(EXERCISE REQUIREMENTS): Give back exactly the lines from the one that holds "1boy 1girl aino_heart" through the final line of the data; omit the pictures and add nothing.

BEGIN DATA EXCERPTS

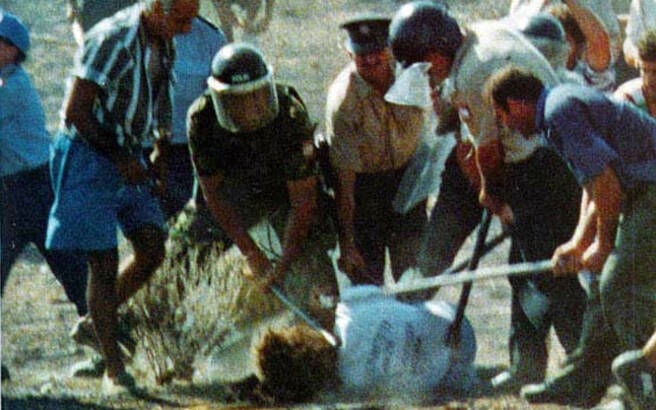 Τα μέλη της Eιρηνευτικής Δύναμης του ΟΗΕ, τα οποία ήταν παρόντα στην σκηνή, επέλεξαν να μην επέμβουν.
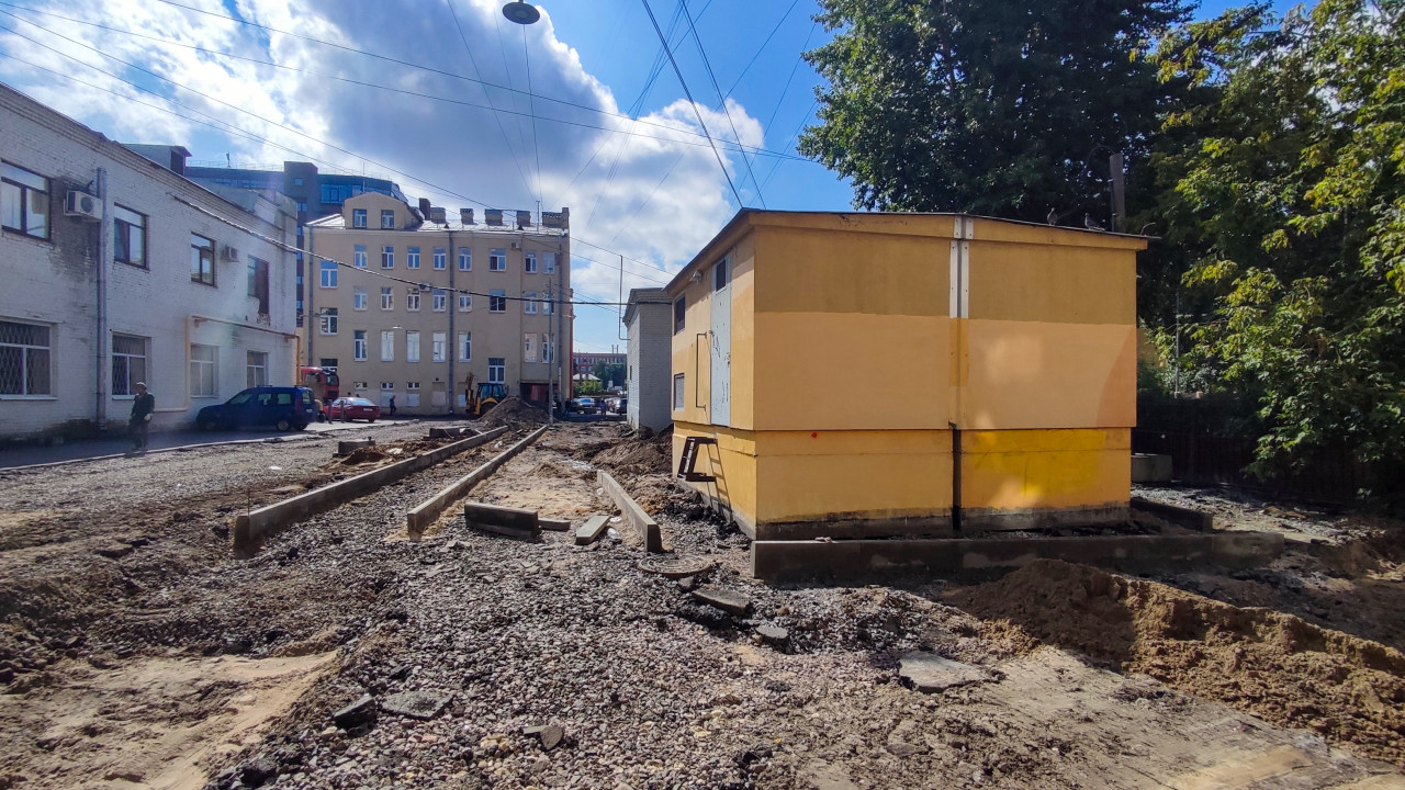 дорога проезд покрытие поверхность дорожные работы город инфраструктура ремонт строительство реконструкция разобранная дорога щебень песок грунт куча земли бордюрный камень бордюры подготовка основания выравнивание строительная площадка городские здания двор техническая будка трансформаторная коммуникации провода линии электропередачи уличное освещение техника экскаватор вдали облачное небо благоустройство территории ремонт покрытияПохожие фотографии
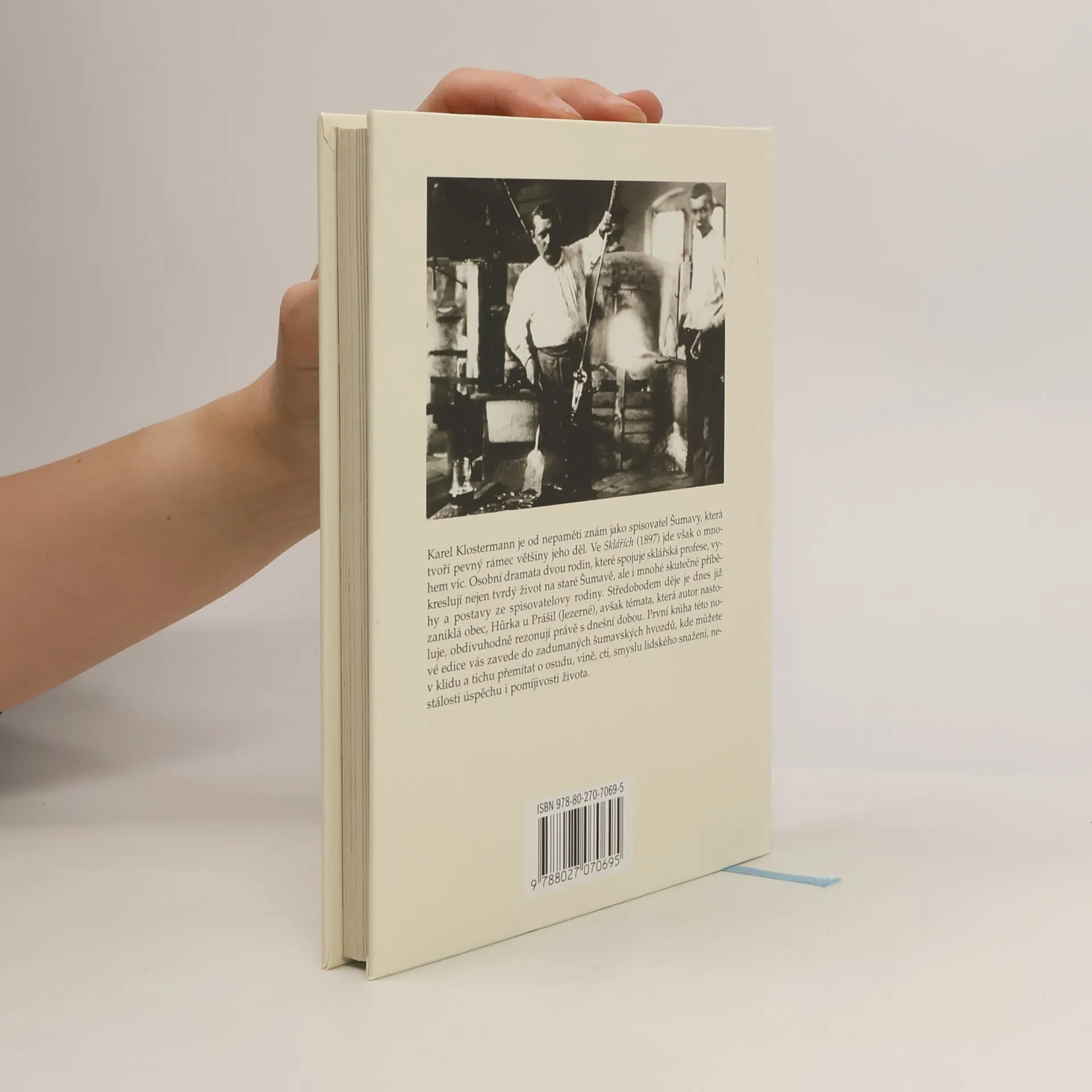 Karel Klostermann je od nepaměti znám jako spisovatel Šumavy, která tvoří pevný rámec většiny jeho děl. Ve Sklářích (1897) jde však o mnohem víc. Osobní dramata dvou rodin, které spojuje sklářská profese, vykreslují nejen tvrdý život na staré Šumavě, ale i mnohé skutečné příběhy a postavy ze spisovatelovy rodiny. Středobodem děje je dnes již zaniklá obec, Hůrka u Prášil (Jezerné), avšak témata, která autor nastoluje, obdivuhodně rezonují právě s dnešní dobou. Tato kniha vás zavede do zadumaných šumavských hvozdů, kde můžete v klidu a tichu přemítat o osudu, vině, cti, smyslu lidského snažení, nestálosti úspěchu i pomíjivosti života.
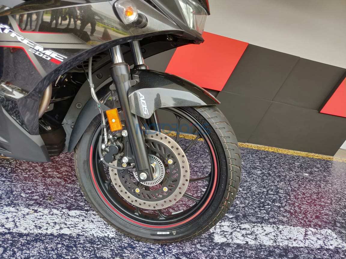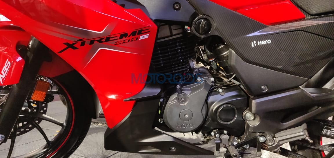 Powering the Hero Xtreme 200S is a 200cc engine which cranks out 18.4 PS @ 8,000 rpm and 17.1 Nm of torque @ 6500 rpm. The motor is a two-valved, air-cooled, single cylinder unit which is fueled by a carburettor. Transferring power to the rear wheel is a 5-speed gearbox and the engine can be brought to life by an electric motor and a manual Kickstarter.
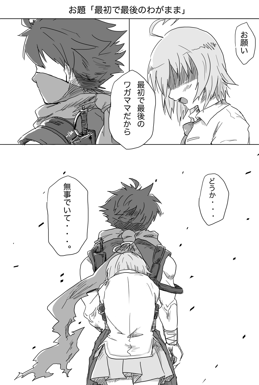 1boy 1girl aino_heart arcana_heart crossover height_difference highres hug hug_from_behind japanese_text legs necktie ninja open_mouth school_uniform shaded_face short_hair skirt spiked_hair strider_hiryuu thighs tongue translation_request
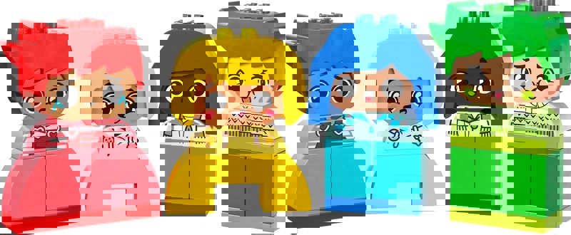 Renkli yapım parçalarını üst üste dizen küçük çocuklar, karakterlere aynı ya da zıt renkte peruk taktıktan sonra ifadeli yapım parçalarıyla LEGO® DUPLO® insanların duygularını seçer.
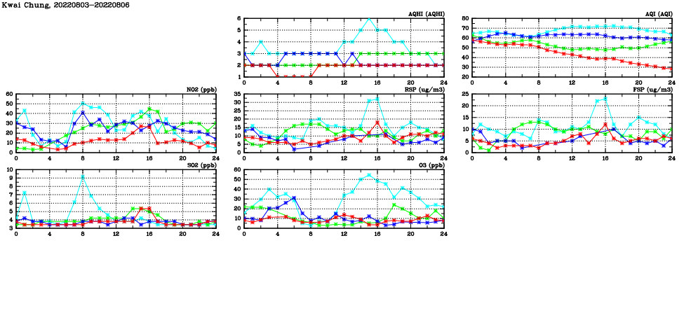 | Air Quality Data Time Series in Kwai Chung (2022/08/06) | ( Line colors: Day -3 Day -2 Day -1 Current day ) | 2D Map Current AQHI |

END DATA EXCERPTS

(FINAL ANSWER):
 1boy 1girl aino_heart arcana_heart crossover height_difference highres hug hug_from_behind japanese_text legs necktie ninja open_mouth school_uniform shaded_face short_hair skirt spiked_hair strider_hiryuu thighs tongue translation_request
 Renkli yapım parçalarını üst üste dizen küçük çocuklar, karakterlere aynı ya da zıt renkte peruk taktıktan sonra ifadeli yapım parçalarıyla LEGO® DUPLO® insanların duygularını seçer.
 | Air Quality Data Time Series in Kwai Chung (2022/08/06) | ( Line colors: Day -3 Day -2 Day -1 Current day ) | 2D Map Current AQHI |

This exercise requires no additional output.